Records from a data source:
>>

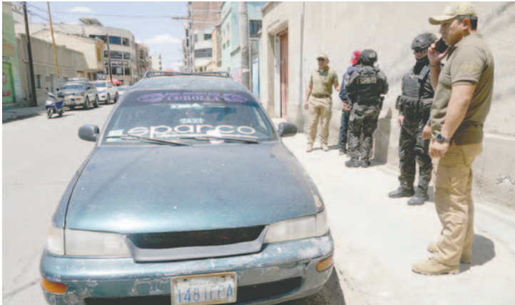
El “autero” traba de robar objetos de valor de la vagoneta
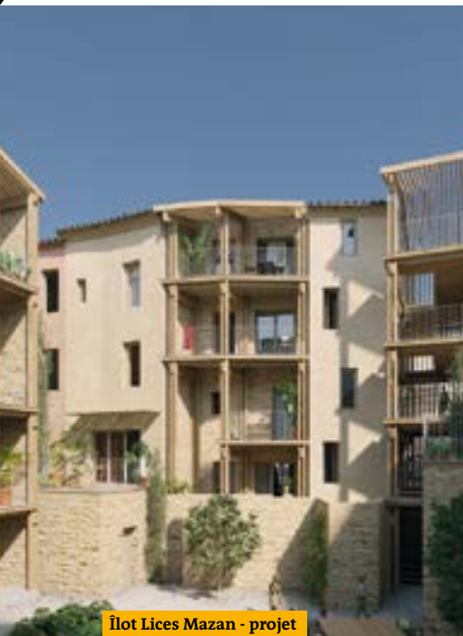
Îlot Lices Mazan - projet
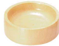
檜・丸小皿 19-208-03 (19208) 1,100円 約φ8.4×H3.2cm

おすすめのネタや自慢のネタをのせて。回転寿司の皿をはずしてもお使い頂けます。お盆にのせやすいミニサイズはランチセットに最適です。※回転寿司用樹脂皿はイメージです。
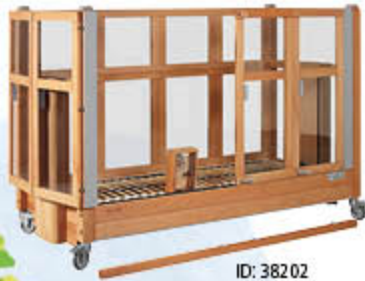
ID: 38202 Farbakzent Grau, abschließbare Handschalter-Box, externe Verriegelung
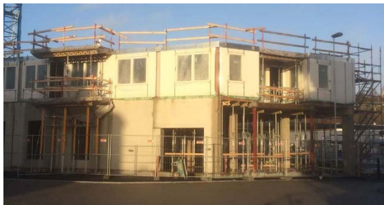
Signalflyget 1 i slutet av december 2015.

Avseende produktionen i Signalflyget 1 (kvarter N) är bjälklag plan två gjutet och klart och återfyllning mot källarväggar samt förläggning dränering klart. Svetsning av dubbar plan två pågår.
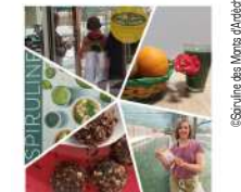
@Spiruline des Monts d'Ardèche
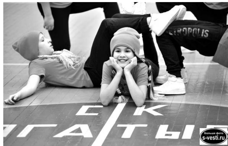
Дисциплина «Хип-хоп» появилась в фитнес-аэробике как возможность подросткам проявить себя в этом виде спорта.
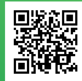
Вконтакте «Инициативное бюджетирование»
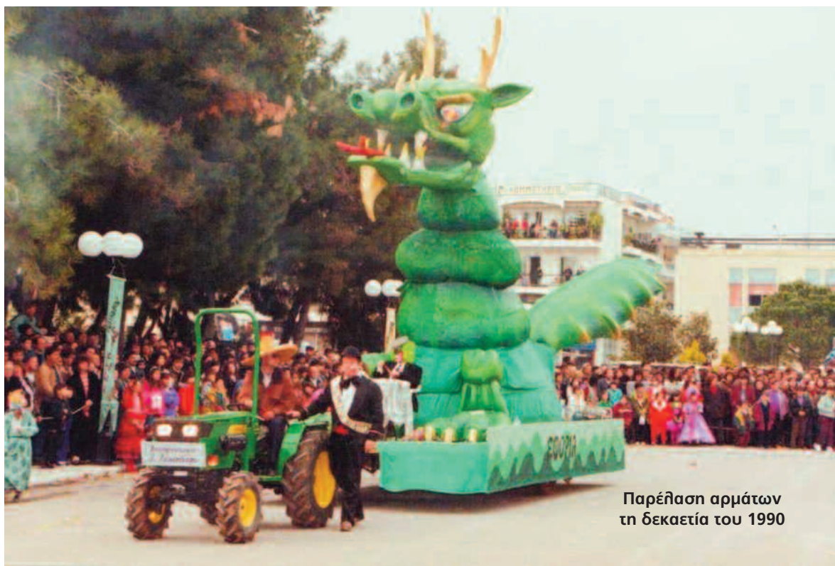
Παρέλαση αρμάτων τη δεκαετία του 1990

της πόλης θα γεμίσουν με φωτιές γύρω από τις οποίες θα υπάρχουν μεταμφιεσμένοι, μεζέδες, κρασί, χορός και διασκέδαση μέχρι το πρωί.
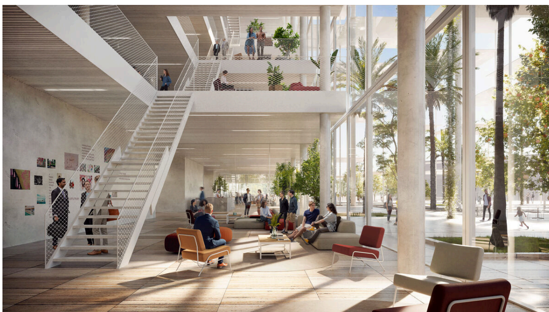
Zona para descansar o tomar algo.

En su interior, contará con un centro de conferencias y espacios sociales en la planta baja, mientras que las oficinas y las unidades de investigación ocupan las plantas superiores. Los lugares de trabajo colaborativos dan a la plaza, mientras los espacios de trabajo individuales al jardín. La configuración propuesta está diseñada para ser totalmente flexible y adaptable en función de las necesidades futuras y, además, promueve la colaboración y la creación conjunta.
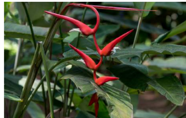
Helicônia pêndula ( Heliconia pendula )

62. Heliconia pendula - helicônia pêndula - Família: Heliconiaceae - Planta de 2 a 3 m de altura, inflorescências longas em espiral, tem até 60 cm de comprimento, contendo de 4 a 10 brácteas espaçadas, de cor vermelho-intenso, brilhante, protegendo pequenas flores branco-creme. Distribuição geográfica: Brasil e América do Sul.

<<

▸ **What needs to be done**
Return every record exactly, minus the pictures.

▸ **Solution to this task**
El “autero” traba de robar objetos de valor de la vagoneta
Îlot Lices Mazan - projet
檜・丸小皿 19-208-03 (19208) 1,100円 約φ8.4×H3.2cm

おすすめのネタや自慢のネタをのせて。回転寿司の皿をはずしてもお使い頂けます。お盆にのせやすいミニサイズはランチセットに最適です。※回転寿司用樹脂皿はイメージです。
ID: 38202 Farbakzent Grau, abschließbare Handschalter-Box, externe Verriegelung
Signalflyget 1 i slutet av december 2015.

Avseende produktionen i Signalflyget 1 (kvarter N) är bjälklag plan två gjutet och klart och återfyllning mot källarväggar samt förläggning dränering klart. Svetsning av dubbar plan två pågår.
@Spiruline des Monts d'Ardèche
Дисциплина «Хип-хоп» появилась в фитнес-аэробике как возможность подросткам проявить себя в этом виде спорта.
Вконтакте «Инициативное бюджетирование»
Παρέλαση αρμάτων τη δεκαετία του 1990

της πόλης θα γεμίσουν με φωτιές γύρω από τις οποίες θα υπάρχουν μεταμφιεσμένοι, μεζέδες, κρασί, χορός και διασκέδαση μέχρι το πρωί.
Zona para descansar o tomar algo.

En su interior, contará con un centro de conferencias y espacios sociales en la planta baja, mientras que las oficinas y las unidades de investigación ocupan las plantas superiores. Los lugares de trabajo colaborativos dan a la plaza, mientras los espacios de trabajo individuales al jardín. La configuración propuesta está diseñada para ser totalmente flexible y adaptable en función de las necesidades futuras y, además, promueve la colaboración y la creación conjunta.
Helicônia pêndula ( Heliconia pendula )

62. Heliconia pendula - helicônia pêndula - Família: Heliconiaceae - Planta de 2 a 3 m de altura, inflorescências longas em espiral, tem até 60 cm de comprimento, contendo de 4 a 10 brácteas espaçadas, de cor vermelho-intenso, brilhante, protegendo pequenas flores branco-creme. Distribuição geográfica: Brasil e América do Sul.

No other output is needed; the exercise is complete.